* ACTIVITY
Starting with the line that contains "2.刷下睫毛时,名片同样利用到。放在睫毛根部下面,这样刷起来不会刷到下面皮肤。" and stopping after the line that contains "Bubbly Aero chocolate", copy the entries below exactly. Include nothing else.

* PROVIDED INFORMATION
-*-
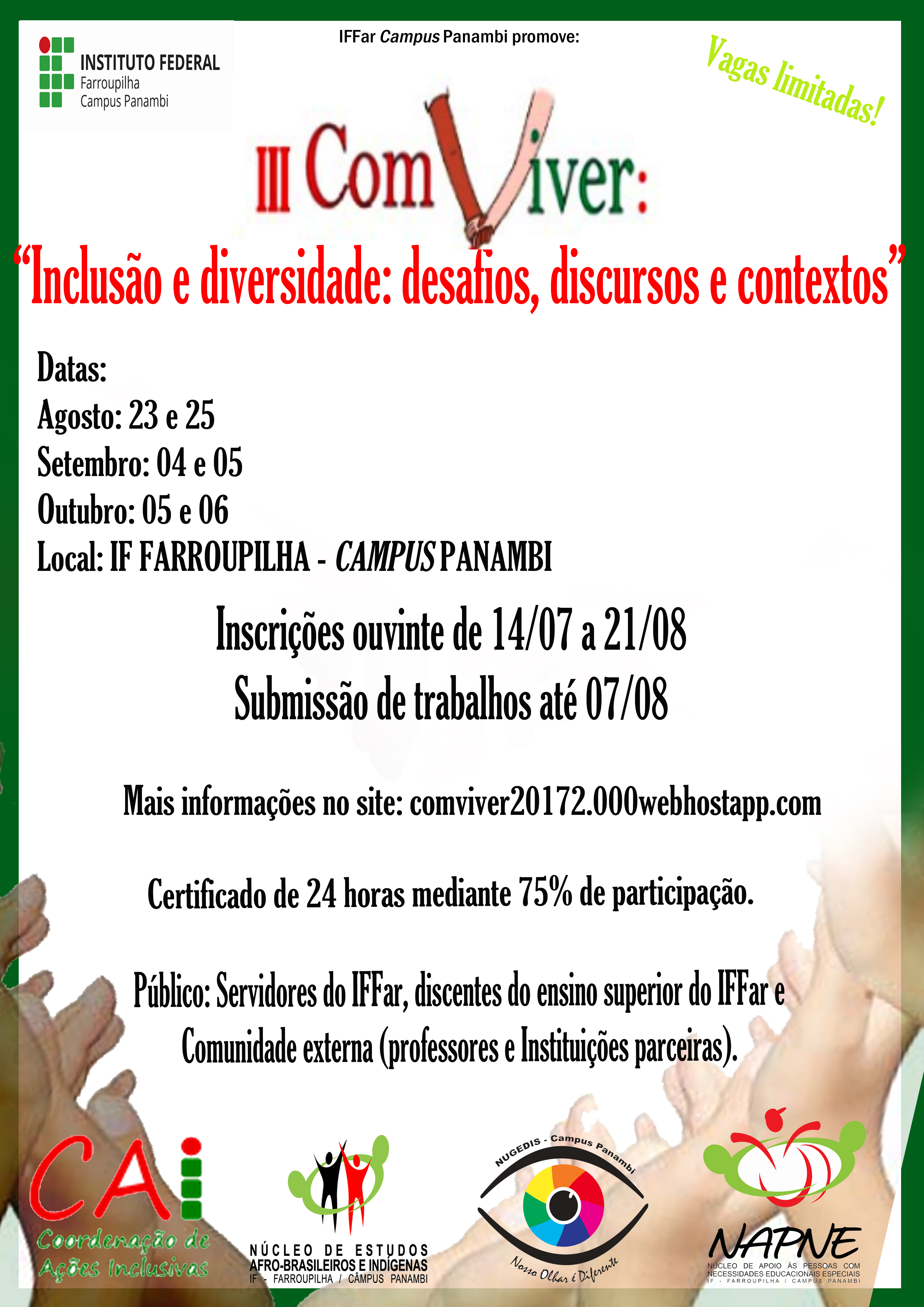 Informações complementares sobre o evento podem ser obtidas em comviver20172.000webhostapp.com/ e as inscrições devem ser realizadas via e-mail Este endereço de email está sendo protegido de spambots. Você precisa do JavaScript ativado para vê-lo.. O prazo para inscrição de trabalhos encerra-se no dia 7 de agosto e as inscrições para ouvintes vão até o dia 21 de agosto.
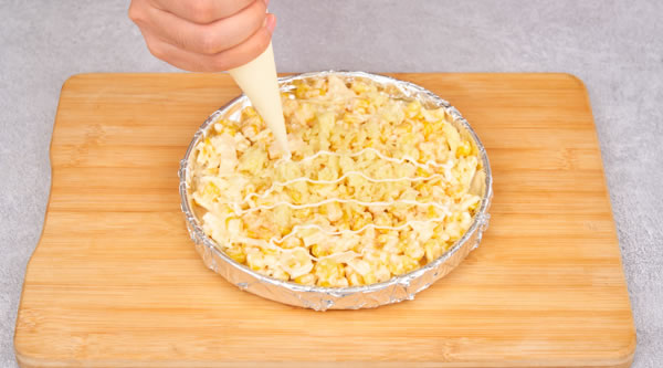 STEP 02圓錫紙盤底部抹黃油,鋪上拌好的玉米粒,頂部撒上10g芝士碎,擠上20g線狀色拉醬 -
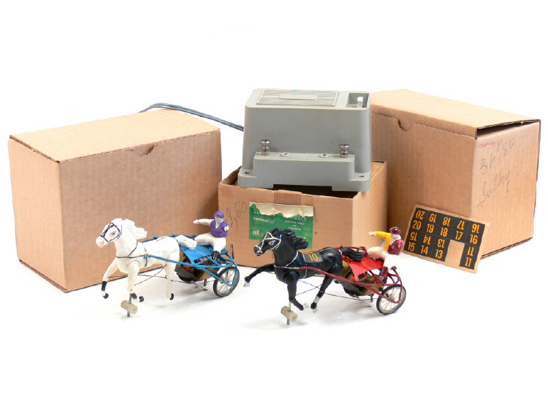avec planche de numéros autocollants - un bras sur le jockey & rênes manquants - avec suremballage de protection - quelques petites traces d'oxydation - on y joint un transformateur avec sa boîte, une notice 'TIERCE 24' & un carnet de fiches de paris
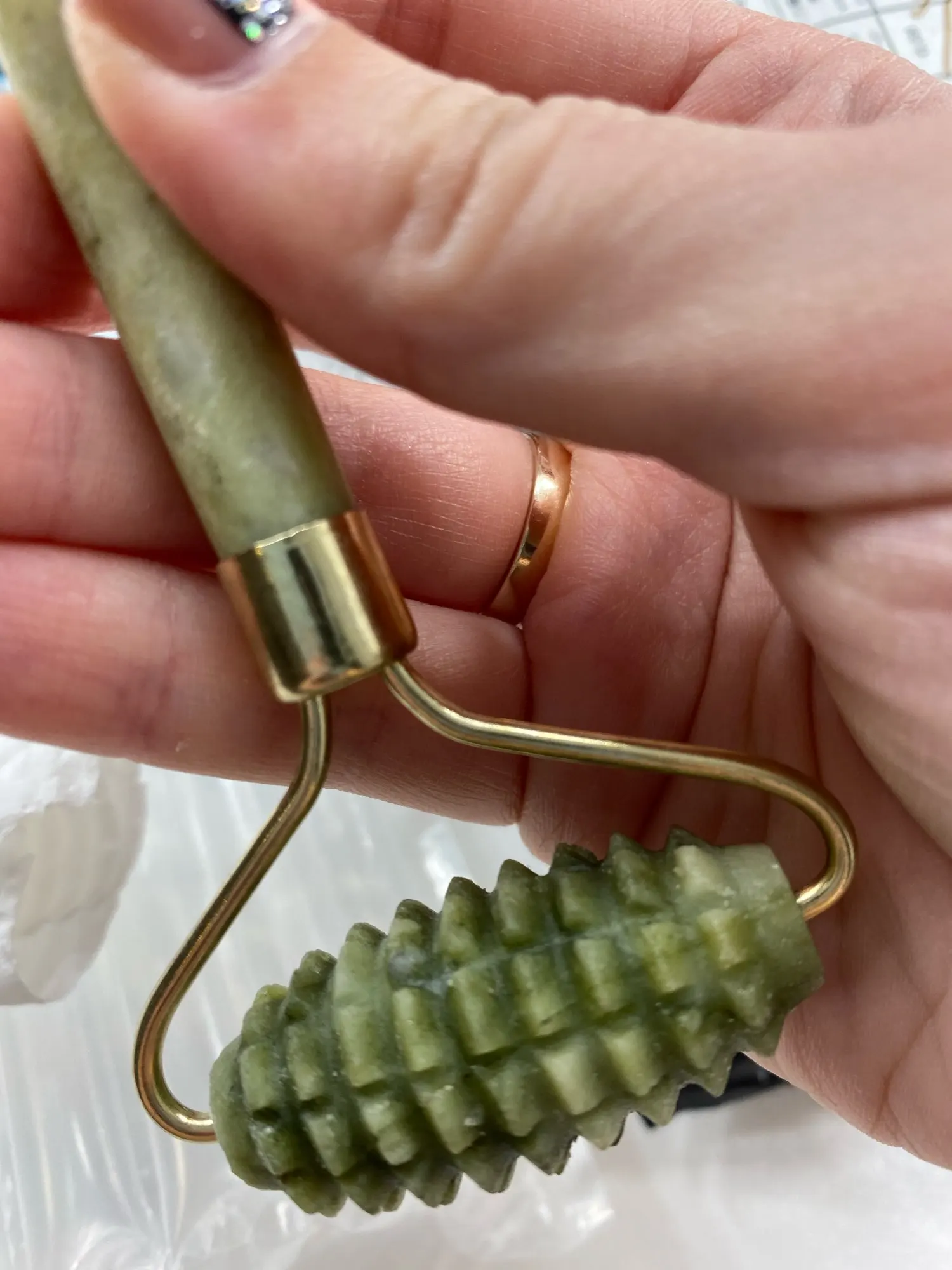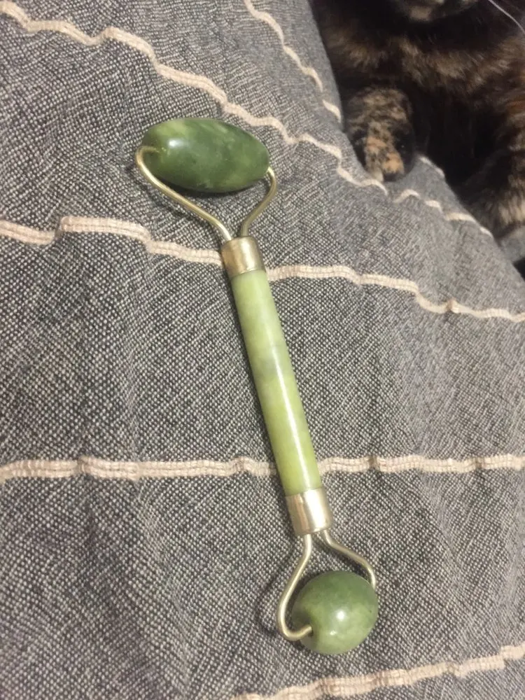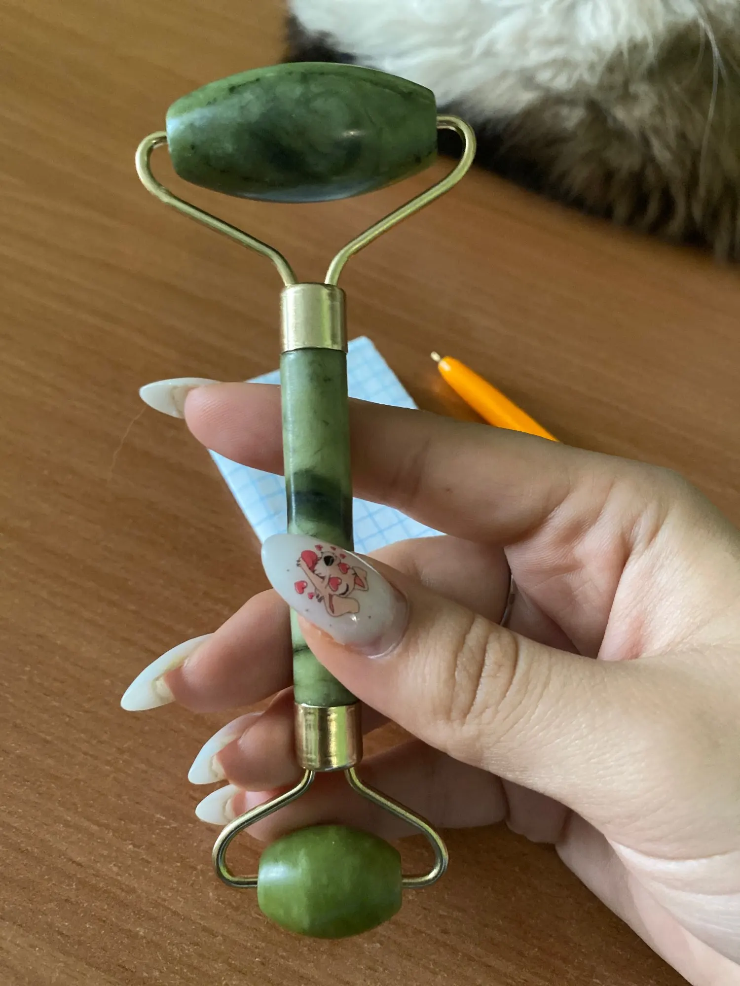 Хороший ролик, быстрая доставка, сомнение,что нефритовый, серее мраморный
-*-
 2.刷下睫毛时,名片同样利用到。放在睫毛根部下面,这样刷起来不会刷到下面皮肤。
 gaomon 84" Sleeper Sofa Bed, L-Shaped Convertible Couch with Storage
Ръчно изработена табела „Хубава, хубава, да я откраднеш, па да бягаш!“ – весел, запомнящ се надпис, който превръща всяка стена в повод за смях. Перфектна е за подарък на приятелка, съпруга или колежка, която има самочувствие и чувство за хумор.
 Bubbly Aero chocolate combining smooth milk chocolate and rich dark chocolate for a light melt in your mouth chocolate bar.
-*-
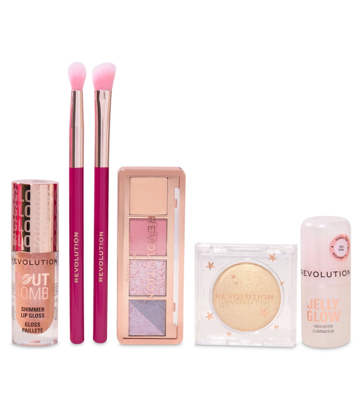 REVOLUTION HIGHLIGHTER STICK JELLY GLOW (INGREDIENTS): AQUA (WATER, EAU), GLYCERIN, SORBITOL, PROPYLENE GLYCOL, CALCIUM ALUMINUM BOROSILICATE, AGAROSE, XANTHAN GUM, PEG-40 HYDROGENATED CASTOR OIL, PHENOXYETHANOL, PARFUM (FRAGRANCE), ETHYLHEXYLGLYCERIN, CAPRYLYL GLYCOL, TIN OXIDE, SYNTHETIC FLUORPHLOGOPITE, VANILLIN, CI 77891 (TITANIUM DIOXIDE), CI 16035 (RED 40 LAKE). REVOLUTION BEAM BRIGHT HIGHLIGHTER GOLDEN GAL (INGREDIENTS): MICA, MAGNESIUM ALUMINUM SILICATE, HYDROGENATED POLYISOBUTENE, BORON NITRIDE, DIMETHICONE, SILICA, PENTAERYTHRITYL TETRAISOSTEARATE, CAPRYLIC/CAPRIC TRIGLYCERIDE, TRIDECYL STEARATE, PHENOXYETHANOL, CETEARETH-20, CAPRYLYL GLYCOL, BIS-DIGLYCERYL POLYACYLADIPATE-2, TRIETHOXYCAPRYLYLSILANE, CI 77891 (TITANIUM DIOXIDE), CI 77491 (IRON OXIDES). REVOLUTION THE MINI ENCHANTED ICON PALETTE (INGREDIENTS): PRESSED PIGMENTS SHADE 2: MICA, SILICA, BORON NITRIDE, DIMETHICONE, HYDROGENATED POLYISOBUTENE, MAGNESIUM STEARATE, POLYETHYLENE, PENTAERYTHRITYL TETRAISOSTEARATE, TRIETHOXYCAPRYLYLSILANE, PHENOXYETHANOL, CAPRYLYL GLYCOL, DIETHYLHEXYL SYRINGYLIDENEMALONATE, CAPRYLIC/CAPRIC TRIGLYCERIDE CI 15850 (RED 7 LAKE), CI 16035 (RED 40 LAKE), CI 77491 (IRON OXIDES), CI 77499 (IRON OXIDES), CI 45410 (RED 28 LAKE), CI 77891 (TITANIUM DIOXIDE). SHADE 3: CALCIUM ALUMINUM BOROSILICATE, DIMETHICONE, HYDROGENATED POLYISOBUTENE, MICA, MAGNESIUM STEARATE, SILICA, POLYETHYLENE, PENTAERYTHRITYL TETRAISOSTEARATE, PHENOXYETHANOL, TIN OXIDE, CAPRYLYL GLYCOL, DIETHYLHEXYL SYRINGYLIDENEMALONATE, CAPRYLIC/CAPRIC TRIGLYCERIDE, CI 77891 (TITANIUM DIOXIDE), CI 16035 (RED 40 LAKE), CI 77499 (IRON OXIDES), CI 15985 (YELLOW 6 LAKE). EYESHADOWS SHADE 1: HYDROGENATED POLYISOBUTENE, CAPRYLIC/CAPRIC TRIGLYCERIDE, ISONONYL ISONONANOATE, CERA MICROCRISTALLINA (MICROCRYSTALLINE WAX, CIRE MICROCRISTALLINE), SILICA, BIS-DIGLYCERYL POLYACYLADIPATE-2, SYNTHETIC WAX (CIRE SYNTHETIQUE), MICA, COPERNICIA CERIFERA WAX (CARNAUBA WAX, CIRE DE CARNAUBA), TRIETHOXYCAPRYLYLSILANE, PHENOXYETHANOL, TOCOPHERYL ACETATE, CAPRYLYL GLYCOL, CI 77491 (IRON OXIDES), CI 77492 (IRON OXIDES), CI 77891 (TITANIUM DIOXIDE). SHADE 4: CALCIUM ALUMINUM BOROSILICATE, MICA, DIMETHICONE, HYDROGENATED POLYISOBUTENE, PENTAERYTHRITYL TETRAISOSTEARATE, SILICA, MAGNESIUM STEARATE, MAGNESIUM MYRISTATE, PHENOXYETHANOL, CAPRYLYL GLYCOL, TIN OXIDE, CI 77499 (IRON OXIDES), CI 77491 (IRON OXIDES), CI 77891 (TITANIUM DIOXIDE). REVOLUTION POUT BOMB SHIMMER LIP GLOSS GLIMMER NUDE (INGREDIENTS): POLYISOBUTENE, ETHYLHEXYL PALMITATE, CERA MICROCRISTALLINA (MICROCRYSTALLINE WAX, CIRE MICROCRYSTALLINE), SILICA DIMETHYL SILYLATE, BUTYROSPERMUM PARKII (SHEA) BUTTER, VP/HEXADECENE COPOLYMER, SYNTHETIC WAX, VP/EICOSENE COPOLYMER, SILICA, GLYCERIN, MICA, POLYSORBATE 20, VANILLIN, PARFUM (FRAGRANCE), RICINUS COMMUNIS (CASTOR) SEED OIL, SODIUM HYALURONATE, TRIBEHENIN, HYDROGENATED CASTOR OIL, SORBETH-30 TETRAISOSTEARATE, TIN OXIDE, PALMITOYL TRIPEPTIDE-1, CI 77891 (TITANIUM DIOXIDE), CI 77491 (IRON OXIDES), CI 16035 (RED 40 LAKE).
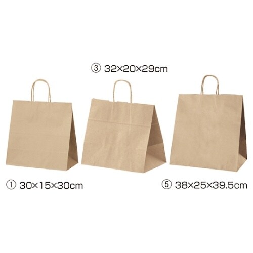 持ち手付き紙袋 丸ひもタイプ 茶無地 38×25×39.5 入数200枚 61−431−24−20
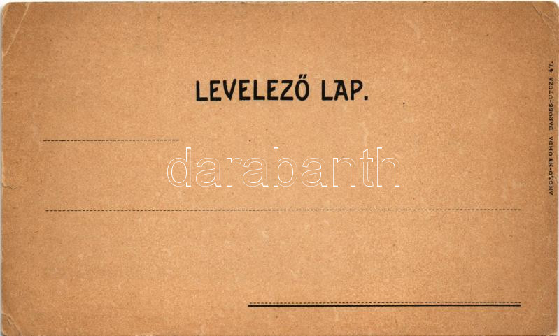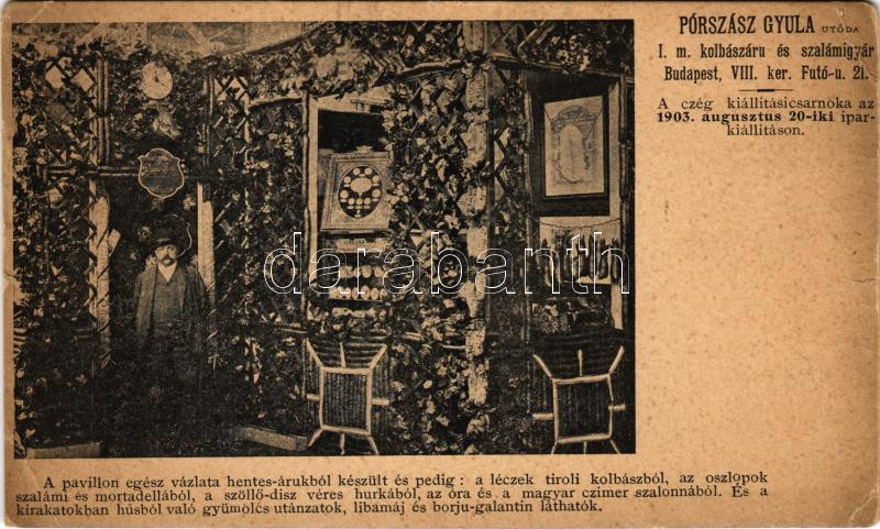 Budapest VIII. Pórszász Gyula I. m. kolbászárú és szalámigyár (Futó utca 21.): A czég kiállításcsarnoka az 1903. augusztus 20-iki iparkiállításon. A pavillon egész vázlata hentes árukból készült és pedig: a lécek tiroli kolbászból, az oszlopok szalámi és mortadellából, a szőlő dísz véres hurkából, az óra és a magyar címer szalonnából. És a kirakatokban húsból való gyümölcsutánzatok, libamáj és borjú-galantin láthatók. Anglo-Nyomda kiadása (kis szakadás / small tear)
-*-
* ANSWER BOX
 2.刷下睫毛时,名片同样利用到。放在睫毛根部下面,这样刷起来不会刷到下面皮肤。
 gaomon 84" Sleeper Sofa Bed, L-Shaped Convertible Couch with Storage
Ръчно изработена табела „Хубава, хубава, да я откраднеш, па да бягаш!“ – весел, запомнящ се надпис, който превръща всяка стена в повод за смях. Перфектна е за подарък на приятелка, съпруга или колежка, която има самочувствие и чувство за хумор.
 Bubbly Aero chocolate combining smooth milk chocolate and rich dark chocolate for a light melt in your mouth chocolate bar.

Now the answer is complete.